Please go through the archival data USA GOV Sample Data

Now I want to read this file in R then getting below mentioned error

result = fromJSON(textFileName)
Error in fromJSON(textFileName) : unexpected character 'u'

When I want to read it in Python then getting below mentioned error

import json 
records = [json.loads(line) for line in open(path)]

---------------------------------------------------------------------------
UnicodeDecodeError                        Traceback (most recent call last)
codecs.charmap_decode(input,self.errors,decoding_table)[0]
     24 
     25 class StreamWriter(Codec,codecs.StreamWriter):

UnicodeDecodeError: 'charmap' codec can't decode byte 0x9d in position 4088: character maps to <undefined>

can someone please help me that how can I read this kind of files.

Vineet
  • 1,492
  • 4
  • 17
  • 31

2 Answers2

0

I couldn't get the codes OP provided on the question on my system too(windows/Rstudio/Jupyter). I dig around and find this for R, adapting it to this case:

library(jsonlite)
out <- lapply(readLines("usagov_bitly_data2013-05-17-1368817803"), fromJSON)
df<-data.frame(Reduce(rbind, out))

Although the error I got in R is curiously different from yours.

result = fromJSON("usagov_bitly_data2013-05-17-1368817803")
#Error in parse_con(txt, bigint_as_char) : parse error: trailing garbage
#           [ 34.730400, -86.586098 ] } { "a": "Mozilla\/5.0 (Windows N
#                     (right here) ------^

For Python, as mentioned by juanpa, it seems to be a matter of encoding.
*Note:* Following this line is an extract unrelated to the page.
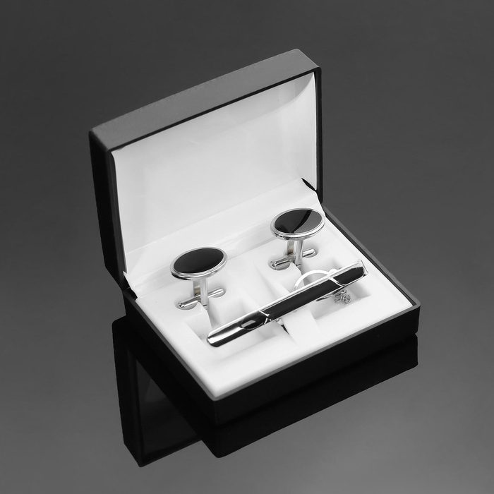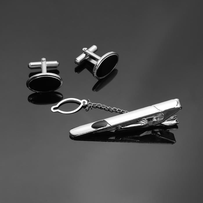 Набор мужской медный «Запонки + Зажим для галстука» овал с эмалью, цвет чёрный в серебре

The following code works for me.

import json 
import os
path=os.path.abspath("usagov_bitly_data2013-05-17-1368817803")
print(path)
file = open(path, encoding="utf8")
records = [json.loads(line) for line in file]
MingH
  • 171
  • 1
  • 2
0

Solution in R:

library(jsonlite)

# if you have a local file
conn <- gzcon(file("usagov_bitly_data2013-05-17-1368817803.gz", "rb"))
# if you read it from URL
conn <- gzcon(url("http://1usagov.measuredvoice.com/bitly_archive/usagov_bitly_data2013-05-17-1368817803.gz"))

data <- stream_in(conn)
Melkor.cz
  • 1,977
  • 17
  • 15